## What to produce
Nothing is needed except the lines below that run from the one with "Kalte Radieschensuppe mit Käsegebäck" through the one with "Pinpoint Test DN93", repeated exactly.

## Provided records
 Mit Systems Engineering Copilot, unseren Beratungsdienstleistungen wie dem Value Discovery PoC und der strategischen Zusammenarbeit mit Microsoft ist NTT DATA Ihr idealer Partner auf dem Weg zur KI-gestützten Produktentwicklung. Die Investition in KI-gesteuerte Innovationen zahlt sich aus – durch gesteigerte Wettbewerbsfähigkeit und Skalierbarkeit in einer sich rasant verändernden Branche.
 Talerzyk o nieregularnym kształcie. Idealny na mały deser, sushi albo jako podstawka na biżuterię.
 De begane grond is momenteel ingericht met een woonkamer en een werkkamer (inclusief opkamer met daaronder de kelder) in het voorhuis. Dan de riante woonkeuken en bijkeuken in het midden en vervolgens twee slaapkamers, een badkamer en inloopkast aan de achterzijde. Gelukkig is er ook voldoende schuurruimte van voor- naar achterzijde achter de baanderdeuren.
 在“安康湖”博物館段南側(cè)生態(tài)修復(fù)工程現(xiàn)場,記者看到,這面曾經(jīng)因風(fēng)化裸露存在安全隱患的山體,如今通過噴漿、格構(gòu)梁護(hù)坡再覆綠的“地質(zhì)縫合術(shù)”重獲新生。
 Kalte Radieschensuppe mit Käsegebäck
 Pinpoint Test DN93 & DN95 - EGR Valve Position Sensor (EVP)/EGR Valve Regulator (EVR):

--

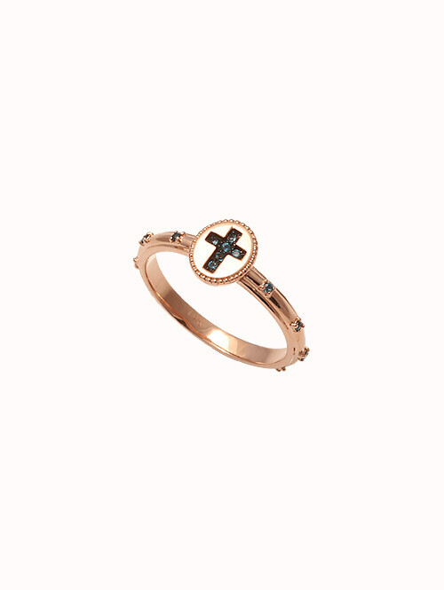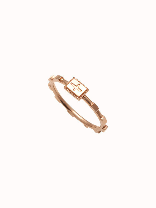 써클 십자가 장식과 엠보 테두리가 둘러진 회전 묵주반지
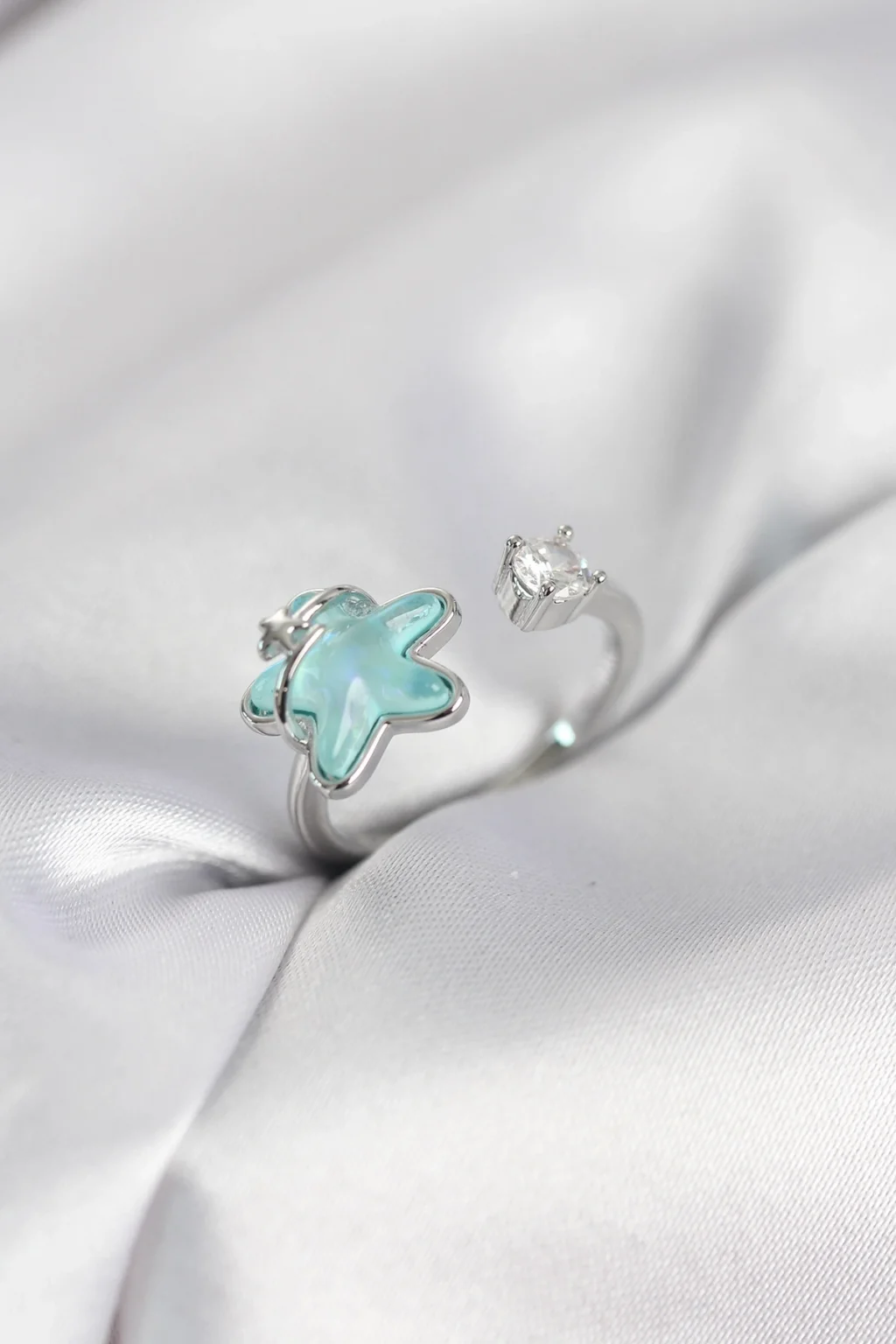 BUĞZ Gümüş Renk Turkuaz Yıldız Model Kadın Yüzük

## Finished exercise
 Kalte Radieschensuppe mit Käsegebäck
 Pinpoint Test DN93 & DN95 - EGR Valve Position Sensor (EVP)/EGR Valve Regulator (EVR):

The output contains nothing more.